◆ **EXERCISE OBJECTIVE**
Look through the entries below for the line with "Sznur jest wykonany" and the line with "據(jù)央行官網(wǎng", then give again exactly those two lines and all lines between them, minus the pictures.

◆ **EXTRACTED DATA**
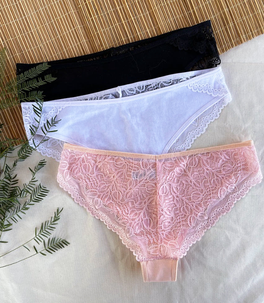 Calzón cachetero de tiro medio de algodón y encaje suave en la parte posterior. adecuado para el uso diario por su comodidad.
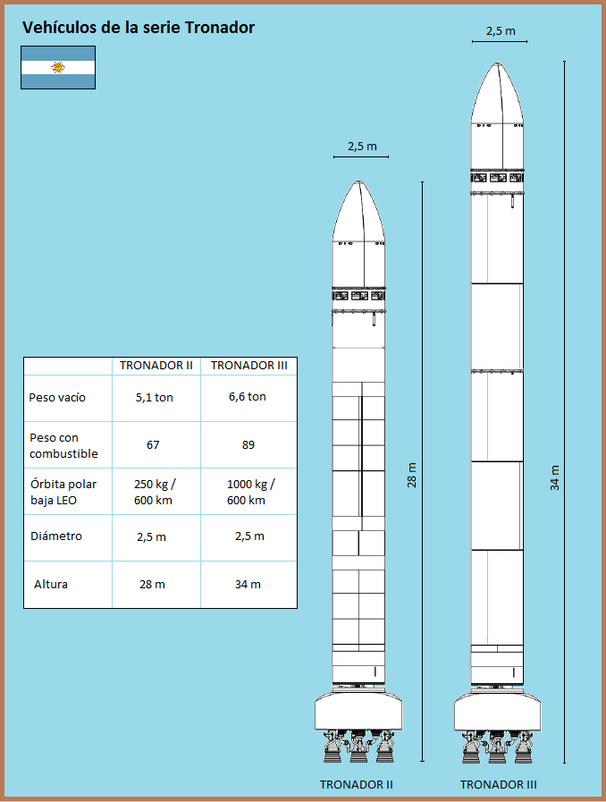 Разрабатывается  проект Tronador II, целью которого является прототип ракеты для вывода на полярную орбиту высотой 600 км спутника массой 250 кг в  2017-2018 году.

--

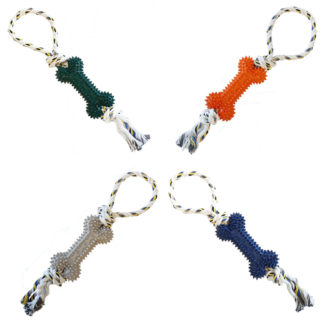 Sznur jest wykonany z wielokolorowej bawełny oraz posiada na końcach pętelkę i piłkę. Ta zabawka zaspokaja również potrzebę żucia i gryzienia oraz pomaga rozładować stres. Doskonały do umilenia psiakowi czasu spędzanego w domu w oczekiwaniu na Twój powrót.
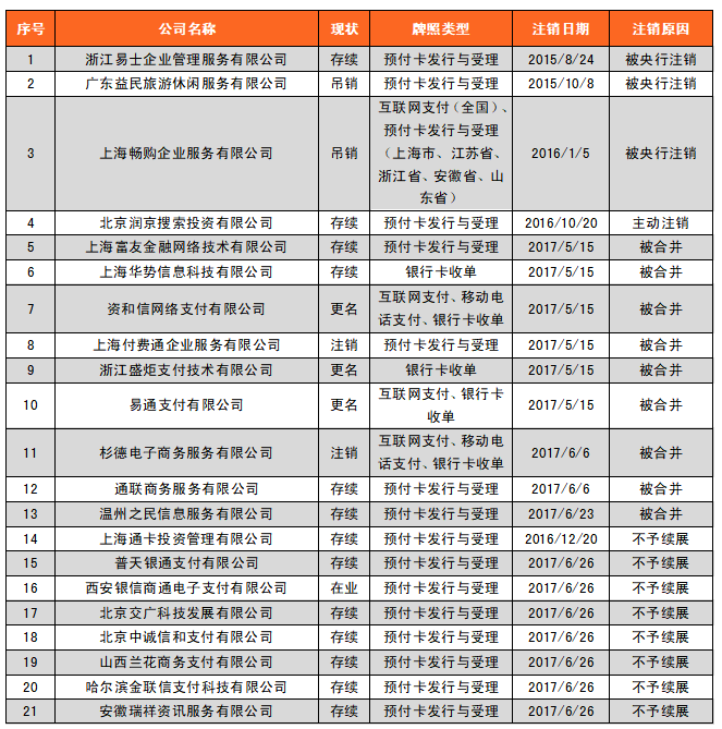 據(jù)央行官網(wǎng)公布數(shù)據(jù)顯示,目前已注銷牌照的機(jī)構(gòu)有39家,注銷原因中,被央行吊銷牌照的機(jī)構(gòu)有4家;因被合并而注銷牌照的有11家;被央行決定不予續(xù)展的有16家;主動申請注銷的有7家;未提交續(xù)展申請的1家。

---

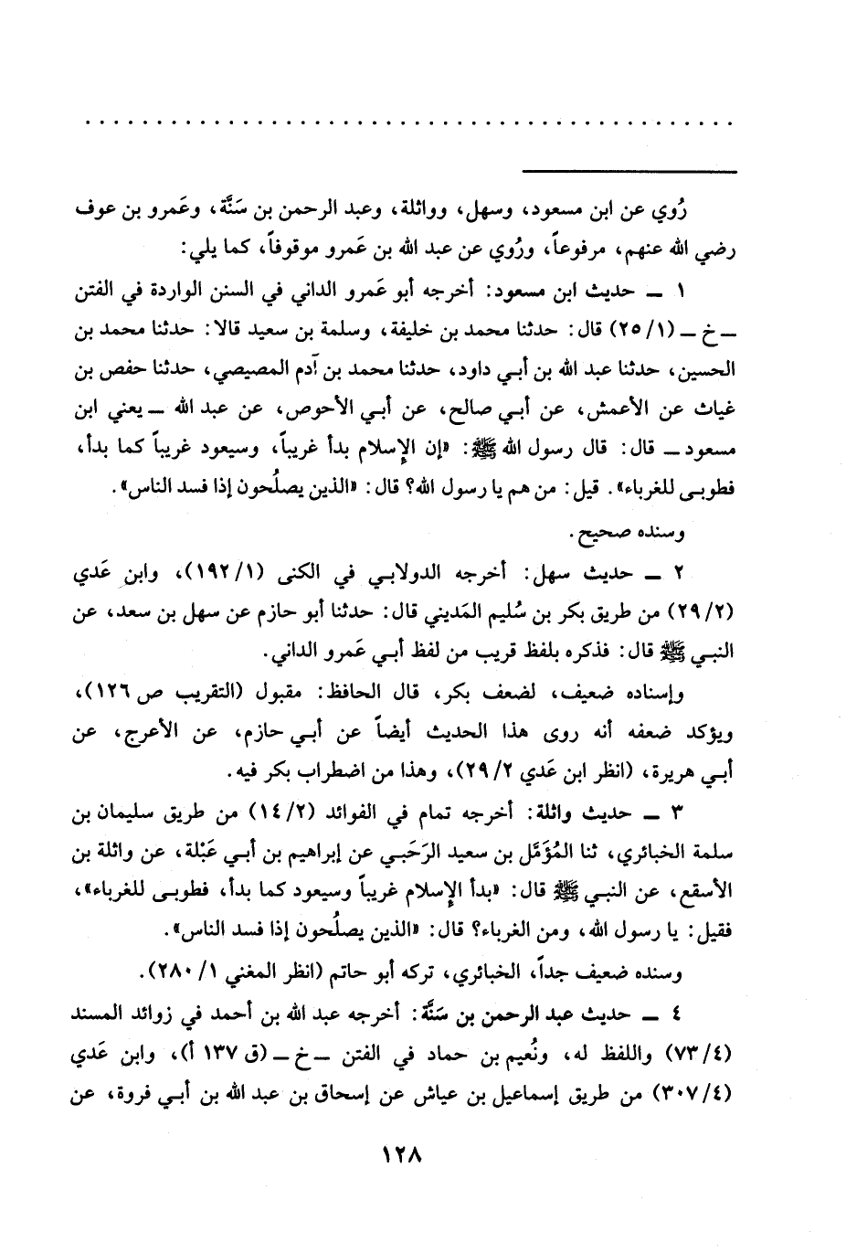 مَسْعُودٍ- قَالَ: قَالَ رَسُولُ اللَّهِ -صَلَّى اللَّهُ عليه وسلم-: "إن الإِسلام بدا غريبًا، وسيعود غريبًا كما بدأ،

◆ **ANSWER SPACE**
 Sznur jest wykonany z wielokolorowej bawełny oraz posiada na końcach pętelkę i piłkę. Ta zabawka zaspokaja również potrzebę żucia i gryzienia oraz pomaga rozładować stres. Doskonały do umilenia psiakowi czasu spędzanego w domu w oczekiwaniu na Twój powrót.
 據(jù)央行官網(wǎng)公布數(shù)據(jù)顯示,目前已注銷牌照的機(jī)構(gòu)有39家,注銷原因中,被央行吊銷牌照的機(jī)構(gòu)有4家;因被合并而注銷牌照的有11家;被央行決定不予續(xù)展的有16家;主動申請注銷的有7家;未提交續(xù)展申請的1家。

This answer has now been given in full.